Finishing off our trip in style, the four us spent our last couple nights in the Dar Sofil Suites & Spa. Located about 10km out from the city centre, it felt a million miles away from the madness of the Medina.
This quiet, modern Moroccan style 4-room retreat was truly luxurious. We even had the added bonus of having it to ourselves for our final night together.
Making the most of the in house spa and wanting the full Moroccan experience, we indulged in a Hammam scrub and massage, an absolute must when visiting Morocco. We walked away feeling energised and totally relaxed.
Tired of just lounging by the pool and despite the hotels ‘no children’ rule, I still had some fun. So childish!
After spending 2 weeks in Morocco, we had lost count of how many tagines we had eaten. But the on-site chef spoiled us with the best ones of the trip.
As was the theme for our trip, we were treated to one final perfect Moroccan sunset, before boarding our ‘silly-o’clock’ flight, the first of three on our 30 something hour journey back to Australia.
Morocco was all we had hoped for and more. Intrepid’s South Morocco Discovery tour was an easy way to see everything we wanted on our tight time frame. And having a few extra days at the end to combine our two favourite things (family and travelling), made the trip even more perfect. We can’t wait to come back and explore the north!

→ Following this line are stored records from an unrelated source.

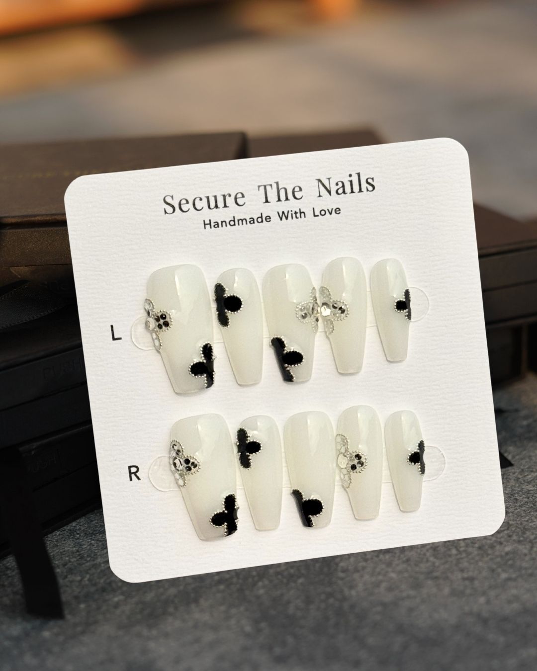 Chaque ensemble Secure The Nails est 100 % fait à la main par nos artistes internes avec du gel de qualité salon. Chaque taille (TP–G) est livrée avec un ensemble complet de 10 ongles.
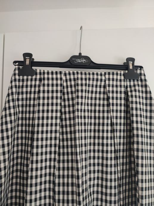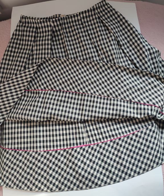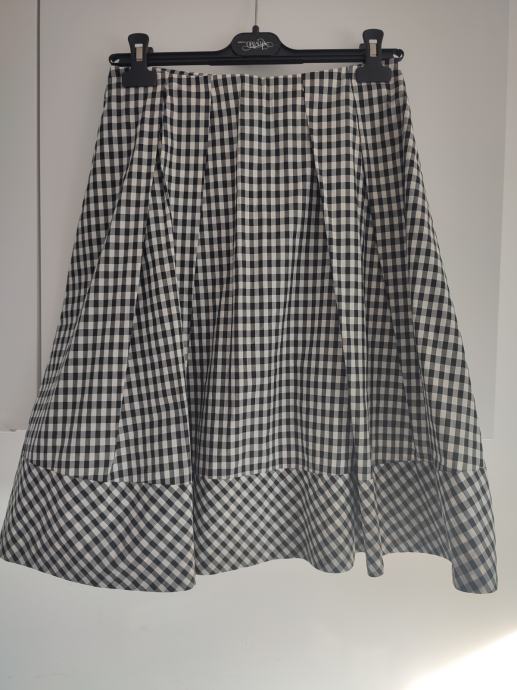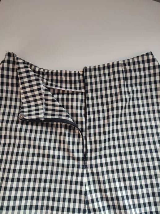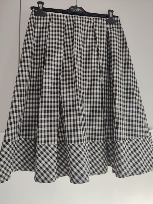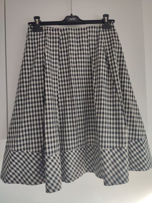 bez pasice u struku, može skliznuti na bok po želji i mogućnosti, kopčanje na patent dužine 21,5 cm na stražnjoj strani, 2 falde nepeglane prema unutra duboke 4,5 cm, 2 ušivena džepa na bočnim šavovima, volan na dnu suknje, volan je s unutrašnje strane našiven s rozom ukrasnom trakom uzorak suknje i jakete je isti, crno-sivo-bijeli karo - kockice ravne, a volan suknje ima kosi karo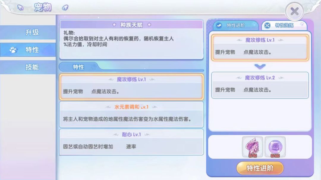 为了最大化宠物特性的潜力,冒险者可通过【特性进阶】和【特性洗炼】两种方式进行培养,以增强宠物特性的效果,完成特性的养成。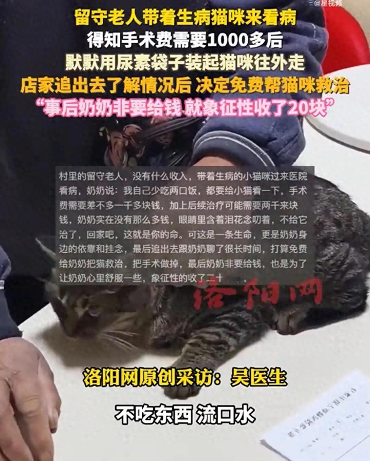 留守老人带猫咪看病得知手术费1000多后含泪离开,店家追出免费救治,“事后奶奶非要给钱,象征性收了20元” 在这个快节奏的社会里,总有一些温暖的瞬间,让人心头一暖。今天的故事,关于一位留守老人和她心爱的猫咪,也许没有轰轰烈烈的剧情,但那份真情实感,却足以让人动容。 老人带着猫咪走进宠物店,眼神中满是担忧和无助。医生告诉她,猫咪需要手术,费用大约在一千多元。这个数字,对于很多普通家庭来说,可能就像天上的星星那么遥不可及。老人听完后,眼眶微微泛红,含泪离开了店铺。她的心在挣扎:这是救命的手术,但又那么昂贵,她该怎么办? 店家看到老人那一刻的无助,心里也不是滋味。于是,店主追出门外,坚定地说:“不用担心,我们免费帮猫咪做手术。”这份善意,让人感受到社会的温暖。老人听到后,眼眶更加湿润,嘴角微微颤抖,非要拿出几块钱表示感谢。店主笑着摇摇头:“不用了,救猫咪是应该的。”最终,老人象征性地拿出了20元,表达心意。 这个故事告诉我们,善良从来都不是一件小事。或许一份免费救治、一句温暖的话语,就能在别人最需要的时候,点亮一盏灯。老人或许没有太多金钱,但她的那份感激和信任,却胜过千言万语。 更令人感慨的是,社会上有太多像这位老人一样的普通人,他们用最质朴的方式,传递着爱与温暖。而我们每个人,也许都可以在日常生活中,成为那一束光。无论是为流浪动物提供一点帮助,还是在他人困难时伸出援手,都能让这个世界变得更加温馨。 这件事,虽然只是生活中的一幕,但它折射出的是人性中最善良、最真诚的部分。希望每个看到这个故事的人,都能被这份善意感染,也许下一次,是你我伸出援手的那一刻。毕竟,温暖,是这个世界上最坚不可摧的力量。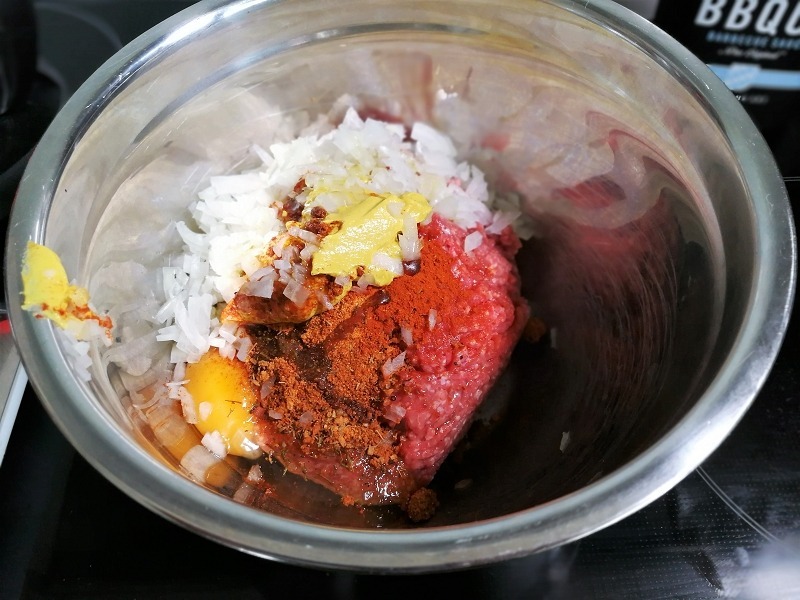 - Los geht es in dem man aus allen Zutaten ausser dem Speck und Käse eine Hackfleischmasse herstellt, das Ei dient in dem Fall der Bindung damit die Bällchen in Form bleiben.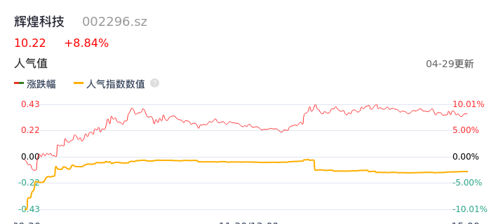 04月29日,辉煌科技收报10.22,股价涨幅8.84%,成交金额10.73亿元,换手率31.12%。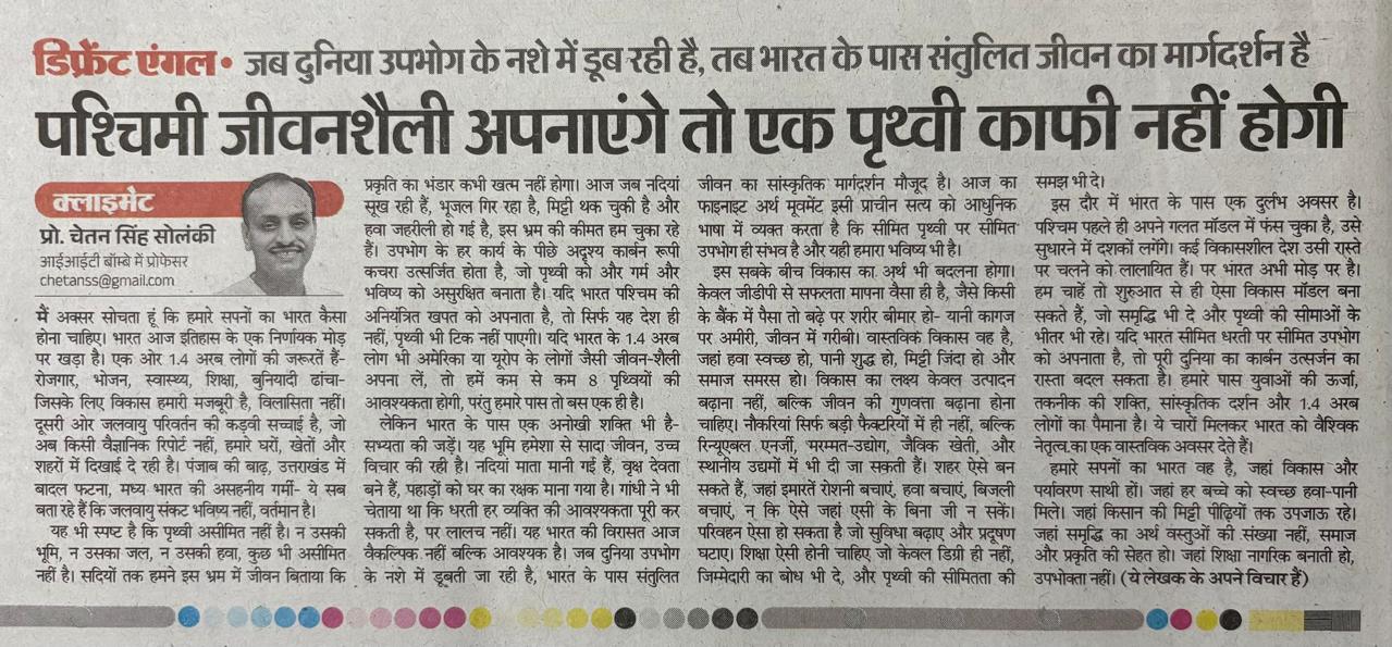 Prof. Chetan Singh Solanki, known as the Solar Man of India, travels across the country in a solar-powered bus spreading awareness about climate change. A former IIT Bombay professor, he leads the Energy Swaraj Yatra and the Finite Earth Movement, urging people to reduce consumption and adopt sustainable living. His message is clear: Earth is finite, and climate action is everyone’s responsibility.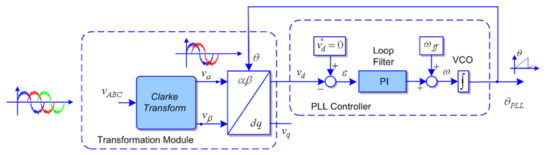Synchronization to the supply voltages is very important in order to control the DVR. It keeps an output signal synchronized with a reference input signal in frequency and phase. Synchronization methods have been developed and presented in many publications [16,17,18]. The most often used synchronization method in engineering applications, the phase-locked loop (PLL) has been used in this paper.

- Marrakech has multiple districts to stay in, which all offer something different. If you plan on spending a few days in Marrakech, it’s worth researching what sort of location you want to stay in.
- Part of the whole experience in Marrakech was having a beautiful Riad to retreat to after spending time in the manic Medina. There are so many to choose from, for all budgets. The two different riads we stayed in, really made our Marrakech experience that much more special.
- Book early, especially in peak tourists times. Riads can book out quickly.
- Travelling during the winter months – Dec to Feb offered beautiful clear skies and warm days. But don’t be fooled by the blue skies, as the mornings and evenings were cold, particularly in the mountains and desert.
- Pack accordingly. We highly recommend a good beanie and a nice lightweight down jacket or something similar.
- Travelling on a group tour means following a fixed itinerary. For us, it was great way to squeeze in all the areas we wanted to see. Yes, we would have loved a little longer in some areas and a little less time in others. But overall, the balance was great. When booking any trip like this make sure you do some research and ask yourself “is this trip right for me?”
- Leave some space in your luggage. There are beautiful souvenirs everywhere which are hard to pass up!